The main error seems to be

[E::easy_errno] Libcurl reported error 77 (Problem with the SSL CA cert (path? access rights?))

But it seems odd that this error doesn't happen with pysam 0.21.0 or lower...

daisieh commented 7 months ago

It's possible that this is a Docker thing...?

litaifang commented 5 months ago

I created a duplicate issue several weeks ago. This happens with other remote locations too (google cloud and https bam files): https://github.com/pysam-developers/pysam/issues/1268

jmarshall commented 3 months ago

Thanks for the report. Increasing the verbosity helps identify the problem:

>>> import pysam
>>> pysam.set_verbosity(9)
3
>>> pysam.AlignmentFile('s3://example/foo.bam')
[…]
*   Trying 3.5.7.133...
* TCP_NODELAY set
* Connected to example.s3.amazonaws.com (3.5.7.133) port 443 (#0)
* ALPN, offering http/1.1
* error setting certificate verify locations:
  CAfile: /etc/pki/tls/certs/ca-bundle.crt
  CApath: none
[E::easy_errno] Libcurl reported error 77 (Problem with the SSL CA cert (path? access rights?))
[E::hts_open_format] Failed to open file "s3://example/foo.bam" : Input/output error
[…]

This /etc/pki/tls/certs/ca-bundle.crt path is RedHat/CentOS/Fedora's convention for the CAfile. You are probably running on Debian or Ubuntu, where the conventional path is /etc/ssl/certs/ca-certificates.crt and the path it's looking for does not exist.

You can work around this by exporting CURL_CA_BUNDLE so that pysam's libcurl will look for these files in the right place:

export CURL_CA_BUNDLE=/etc/ssl/certs/ca-certificates.crt
jmarshall commented 3 months ago

As for why this has started happening in 0.22.0, it has to do with how wheels are built. The problem is in the system libraries that are distributed inside manylinux wheels, so this is related to #1097 and #1276.

The pysam-0.21.0 Linux wheels were built for manylinux_2_24, which is now EOL and was based on Debian 9. These wheels contain a copy of libcurl-9f97daa0.so.4.4.0, which as it was built on Debian defaults to the /etc/ssl/… path.

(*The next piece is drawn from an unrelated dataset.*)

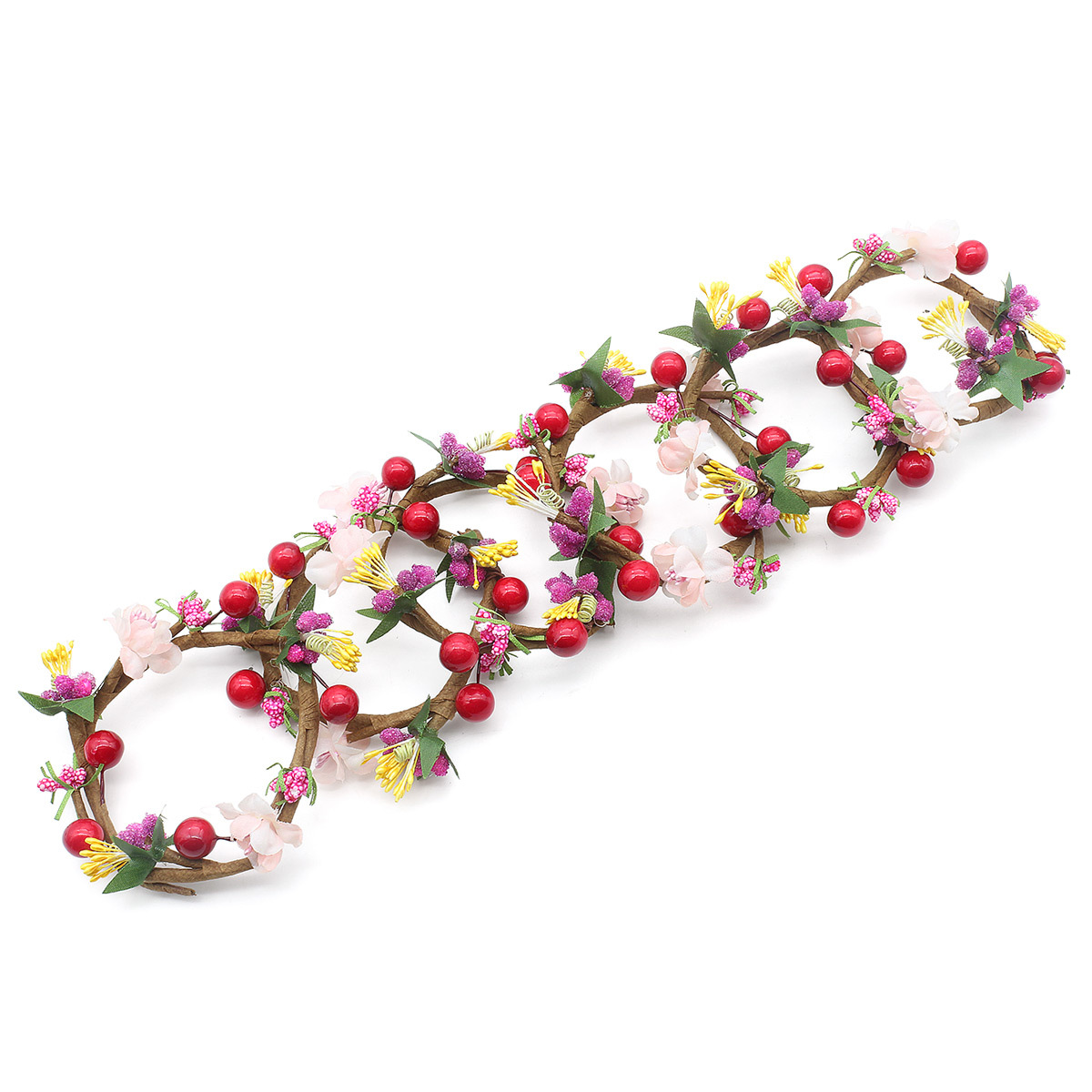 Веночки с искусственными цветами – практичные элементы для оформления праздничного интерьера. Они нарядные и нежные, не требуют особого ухода и надолго сохранят внешний вид. Несколько идей: – оформите венками свечи или вазочки на банкетном столе; – сделайте из венков гирлянду, добавив другие элементы в тон; – украсьте рождественскую елку; – используйте как рамочки при составлении праздничного панно с фотографиями, открытками. В наборе: венок декоративный Цветы и жемчуг, цвет фуксия, размер 7,5х2,5 см, 6 штук.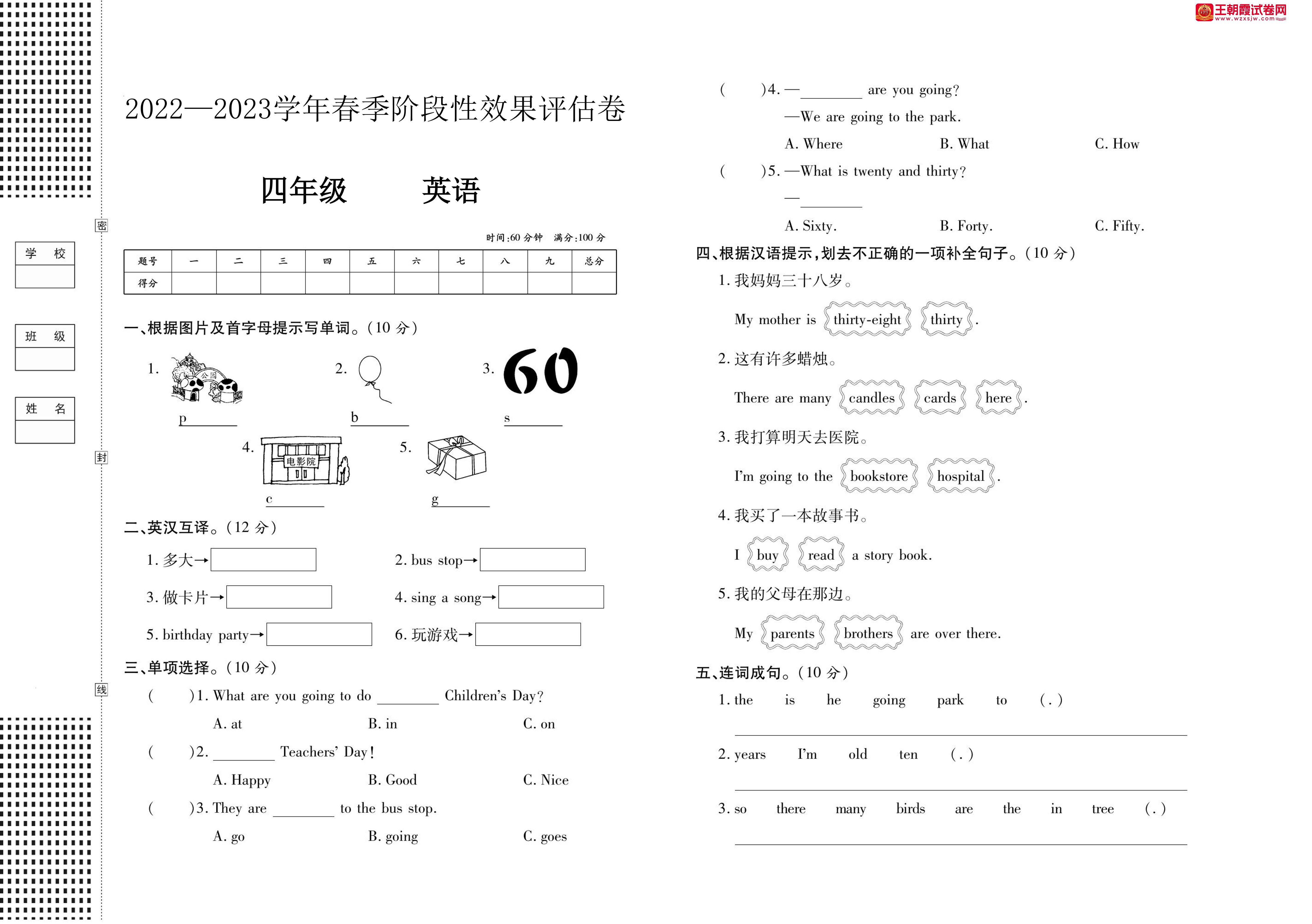 甘肃省定西市岷县西寨九年制学校2022-2023学年下学期第三次月考试题四年级英语(陕旅版)

More recent pysam releases' Linux wheels have been built for manylinux_2_28, which is based on AlmaLinux 8. These wheels contain a copy of libcurl-14d1b62d.so.4.5.0, which as it was built on a Red Hat-compatible defaults to the /etc/pki/… path.

Fedora (40, at least) contains symlinks under /etc so that both styles of path point to the same certificate bundle, so works with both flavours of wheel. (But e.g. Rocky and Alma do not; see also this bug.) Debian and Ubuntu do not, so only the wheel containing the Debian-style libcurl.so will work (without assistance from the environment variable).

This would appear to be a limitation in manylinux's claim to be making wheels that are portable across distributions!

This can be worked around by having everyone set $CURL_CA_BUNDLE as appropriate, but that is less than ideal. Ways of dealing with this when building future wheels would include:

  1. Manylinux may find a way to fix the libcurl.so that they ship.
  2. Because manylinux_2_24 is EOL, reverting to building that flavour of wheel is a non-starter.
  3. Pysam could patch its copy of _hfilelibcurl.c to detect what paths are available at runtime and set CURLOPT_CAINFO accordingly, so that it would automatically work with whichever path style was present.
  4. The real problem here is the large number of system libraries that get pulled into our manylinux wheels.

    If we omitted the plugins from pysam wheels, libcurl.so and many other libraries would not be pulled into our wheels, and this and the two issues mentioned above would be fixed at a stroke. These plugins should not really be shipped within the Python world at all; it would be better if pysam could access externally-provided (non-Pythonised) plugin object files, via $HTS_PATH if necessary. But transitioning to that model would be a non-trivial deployment problem.

Long-term the correct approach is (4) as it solves numerous problems: these three issues and also reduces the size of our wheels. It may be worth doing (3) too in the interim.

daisieh commented 3 months ago

From my POV, the fix suggested works for us! Thank you so much, and if you all feel that the root issue should be carried on elsewhere instead of in here, feel free to close.

jmarshall commented 3 months ago

Glad to hear it does the trick.

Let's keep this one open to represent the interim fix (3), and in due course I'll open another issue to represent (4).